Mas não é só. Não são só os double standards que eu não compreendo. É a deplorável acusação de que quem está por Israel está contra o povo e indiferente ao sofrimento do povo palestiniano. Como se a única decência moral estivesse em entoar free Palestine ao mesmo tempo que se censura Israel.

E não compreendo, porque não é verdade. Porque «o Hamas não se importa onde esses mísseis caem: um em sete caíram dentro de Gaza durante esta última rodada de ataques, resultando em 20 vítimas. [Porque] eles veem a contagem de corpos desequilibrada como um desenvolvimento positivo, pois permite-lhes alegar que Israel é a parte agressiva no conflito que eles começaram. Este grupo terrorista islâmico é perigoso para o nosso povo: não podemos continuar a ser um canal para o seu trabalho. O Hamas não está lutando por uma causa de direitos humanos; eles estão cometendo crimes de guerra para aumentar sua posição política.» Quem diz isto não é um “falcão” israelita, é Bassem Eid, um palestiniano, activista dos direitos humanos. Disse-o esta semana na revista The Spectator. Querem adversativas e complexidade? Ei-las.

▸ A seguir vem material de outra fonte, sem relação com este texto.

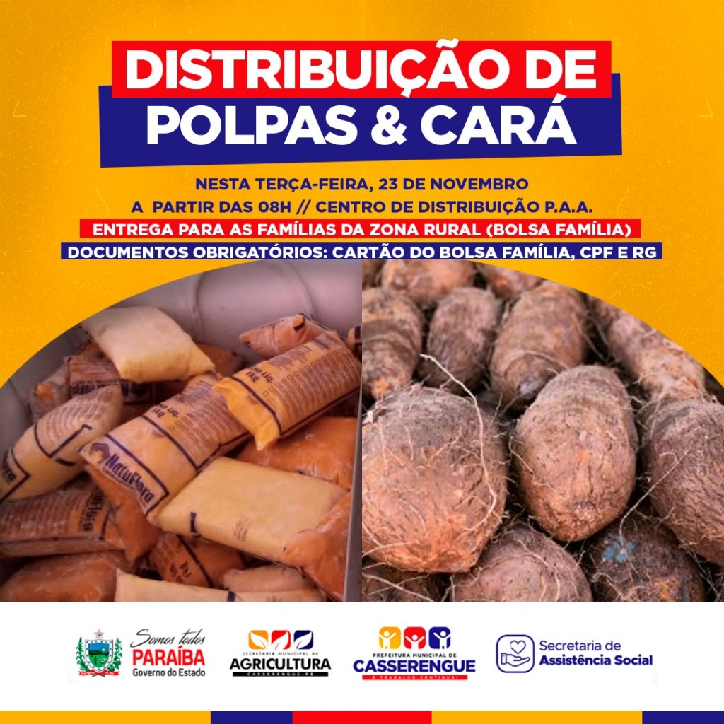 A Secretaria Municipal de Assistência Social realizará nesta terça-feira (23/nov), em parceria com o Governo Estadual e a Secretaria Executiva de Segurança Alimentar e Economia - Solidária vinculada a - SEDH - a entrega de Polpas De Frutas & Carás do Programa de Aquisição de Alimentos (PAA) para as famílias da Zona Rural - Bolsa Família.
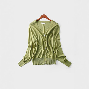 新意法夏空调衫冰丝长袖防晒衫女士单排扣气质针织开衫毛衣M6088
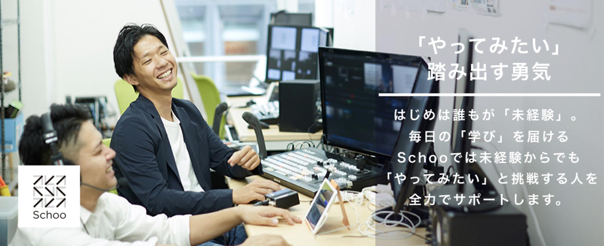 【未経験からでも毎日のライブ配信を体験してスタジオ責任者に】 ■Schooスタジオ責任者候補の仕事 毎日生放送されるSchooの番組が制作されるスタジオのオペレーションを行います。 ■具体的な仕事内容 ・ライブ配信ディレクション 毎日夕方頃から夜11時頃まで、自社スタジオでライブ配信をしています。 番組の担当ディレクターと制作メンバー、アナウンサーたちと一緒にゲストを迎え、打ち合わせからリハーサル、そして本番までをディレクションしていただきます。 毎日変わるゲストは企業の経営者の方からグラビアアイドル、お笑い芸人までと幅広く、沢山の方とお仕事をします。 ・制作オペレーションの運用と改善 ライブ配信における番組制作オペレーションを日々進化させてください。 ライブ配信の業界では常に新しいものが求められ、進歩のスピードがとても早いです。どうすれば今よりももっと良いものができるのかを考えながら制作メンバーを牽引し世界が驚くようなライブ配信をしてください。 ・インターン生の管理  10〜20代の大学生を中心とする男女約10名程度の制作メンバーたちと一緒に放送を作り上げていただきます。カメラマンや音声スタッフなどを束ね、ライブ配信に大切なチームワークをより発揮できるようにメンバーたちのマネジメントをお願いします。 配信に必要なテクニカルスキルの部分は身につけていただく必要はありますが、大切なのはメンバーとの信頼関係を築くことです。 ■勤務日時 ・日数:週4勤務以上 ・時間:14:00-22:00  (1日のスケジュール例) 14:00~ 出社/スタジオの機材確認、掃除など 15:00~ シフト管理/その他デスクワーク 16:00~ MTGなど 17:00~ 番組ディレクターと打ち合わせ 18:00~ 1本目の番組の打ち合わせ/リハーサル 19:00~ 本番ディレクション業務 20:00~ 2本目の番組の打ち合わせ/リハーサル 21:00~ 本番ディレクション業務 22:00~ 配信、片付け完了後、退社 ■チームの雰囲気 アナウンサーと制作メンバーはとても仲が良く、仕事が終わった後に食事やカラオケに行くこともしばしば。また休日には、みんなでデッサン教室や手作りプリン教室など登壇したゲストのイベントに参加して、学習サービスの企業らしく新しい学びを吸収しています。 ■チームについて ドワンゴやリクルート出身者、大学卒業後映像を自主制作をしてきたメンバーなど様々なバックグラウンドを持ったメンバーが集まっています。 ■あると望ましいスキル・経験 ・オンライン配信用の動画編集の経験 ・ライブストリーミングによる動画配信の経験 ・台本制作や構成を考えて収録した事がある経験 ・チームでのものごとに取り組んだ経験 ※映像制作に限りません。イベントの主催や舞台などチームものごとに取り組んだご経験ある方 ■こんな方にオススメ ・何か自分の武器となるスキルが欲しい方 ・休日には自主制作や社外の活動も行いたいという方 ・ものづくりが好きな方 ・映像に関わる仕事をしたい方 ※Schooでの仕事をしながら、自主制作で映画を作り公開しているメンバーもおりプライベートの時間をしっかりと持つことができます。 ・参考:Schooでディレクターをしながら映画音楽を作っている話 (https://www.wantedly.com/companies/Schoo/post_articles/107326) ■勤務地 東京都渋谷区道玄坂 Schoo本社および放送スタジオ ※放送スタジオは本社オフィスの隣のビルに併設されています
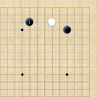 星&小ゲイマ小ゲイマガカリに対し二間バサミの手である。低い二間のハサミは使用度は高くない。一間バサミに比べてゆっくりしているが、白にヒラキの余地を与えない点では厳しい攻めになっている。但し、一間バサミより迫力に欠け、隅から右辺に勢力を蓄えたとき、低い位置のバランスがよくない意味がある。
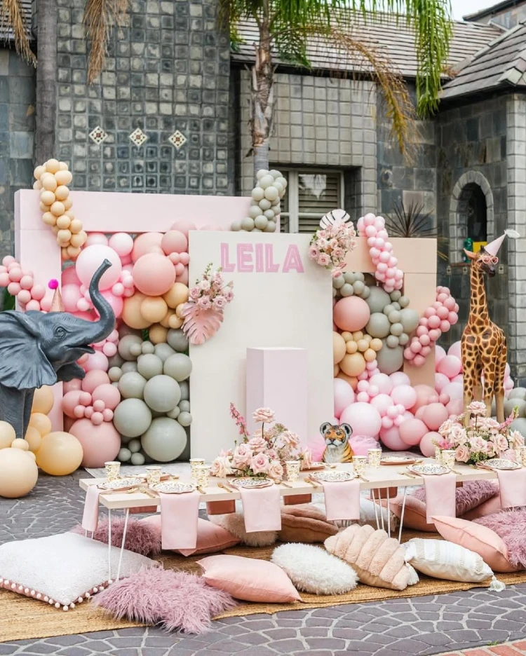Who says jungle themes strictly require traditional khaki or deep forest greens? Soft pastel balloons in dusty rose and sage build a dreamy backdrop, honestly transforming a plain patio into a chic savannah.

Pior: o Hamas usa a vulnerabilidade dos mais fracos para fortalecer a sua posição. Das crianças arrastadas para a guerra a, como nos afirma Eid, “homens jovens e desesperados sem perspectivas de emprego, [usados] para lançar ataques de prédios residenciais.” Enquanto que desse lado isto, do lado de Israel um exército profissional, melhor numas vezes pior noutras, cumprindo as convenções internacionais. E defendendo os seus cidadãos, as suas famílias e as suas crianças. Não são dignos disso?

A situação é complexa? É. Mas, mergulhados na guerra, a escolha é simples. Não é simples porque é fácil, é simples porque não sobra grande alternativa. E foi, aliás, aforisticamente colocada por Golda Meir: “prefiro receber censuras a receber condolências.” E o povo judeu, ao longo da história, já recebeu demasiadas condolências.

Post scriptum: o cessar-fogo anunciado 5.ª feira passada é uma boa notícia, mas não só não resolve o problema, como não anula nada do anteriormente dito.